I have very basic questions.
I am developing a binary classifier.
It is for use in a real-world industrial application to identify damage inside a large, inaccessible structure. The classes are ‘healthy’ and ‘damage’. I have data for both classes in the form of wideangle still images and cropped details from them.
Obviously damage only occurs within a part of an otherwise healthy frame. The data has been gathered using a system that provides variation-free images (no angle, focus variation, limited exposure variation – proximity is the only variable apart from the individual subject matter itself).
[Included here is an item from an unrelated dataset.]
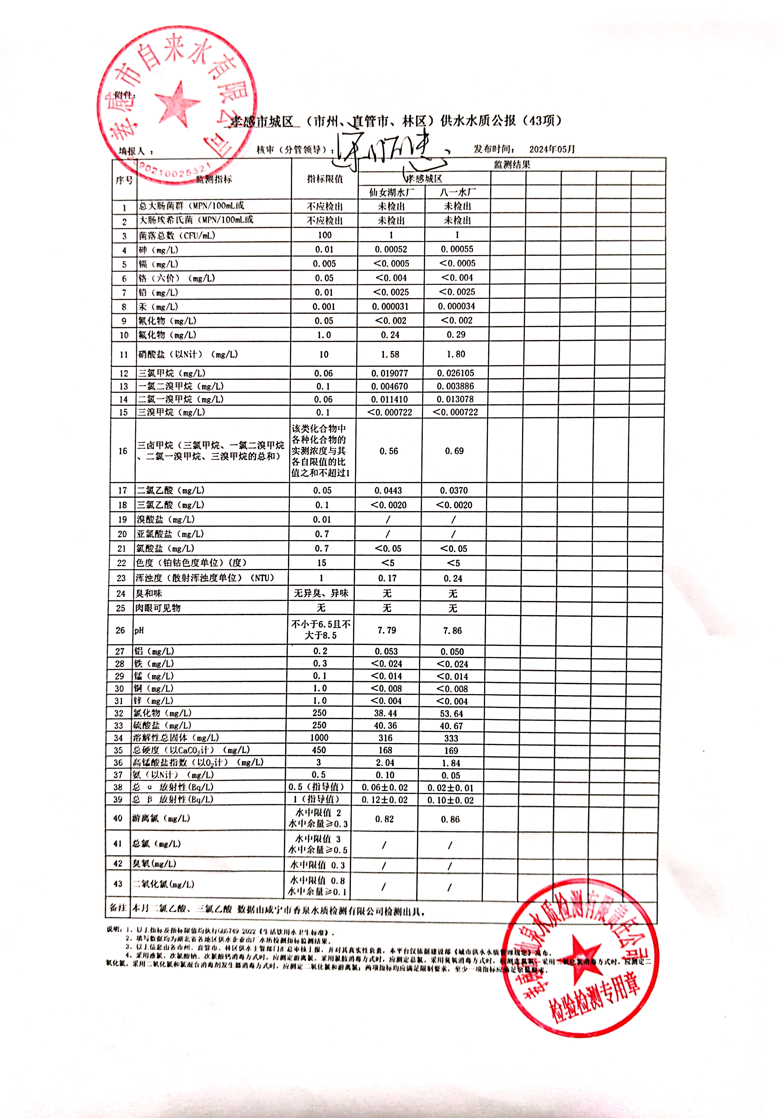 2024年5月水質(zhì)報告

Both classes are comprised, in visual terms, of various material textures.
So far I have built 2 versions of a database and tested them using the jetson-inference tutorials in order to make basic decisions like choice of pretrained model and balance of full-frame vs. detail images across the two classes. I hope to take the material to the next stage using the TAO toolkit.
I have tried GoogleNet, ResNet18, ResNet34, ResNet50.
Despite more than 2 months work I have not achieved any significant progress. I built the first database to 1,000 images and its confusion matrix stubbornly remained at (true positive x true negative) = (false positive x false negative), despite varying accuracy for ‘best model’ at the validation stage. It resulted in an 80% ‘damage’ inference. This never varied throughout the build.
The size of the first database became an unwelcome barrier to further development in the light of the lack of progress. I stripped down the material and only used one type of damage in the ‘damage’ class in a second database.
The results using the new database are essentially the same as before with the only difference being that 80% is now a ‘healthy’ inference.
I have kept records of the results of each 100 epoch training run.
• should I be looking at a different backbone architecture for my user case?
• should I be using a more complicated detection/classification process?
• there are currently more wide frame images in the ‘healthy’ class and more detail images in the ‘damage’ class in the database, with a mix in both and the two classes are otherwise balanced. Is this good practice? Is there a better way?
• or, does anyone have any advice please?
I am using the 4 Gb Nano devkit and additional swap
Thank you and apologies for the long question.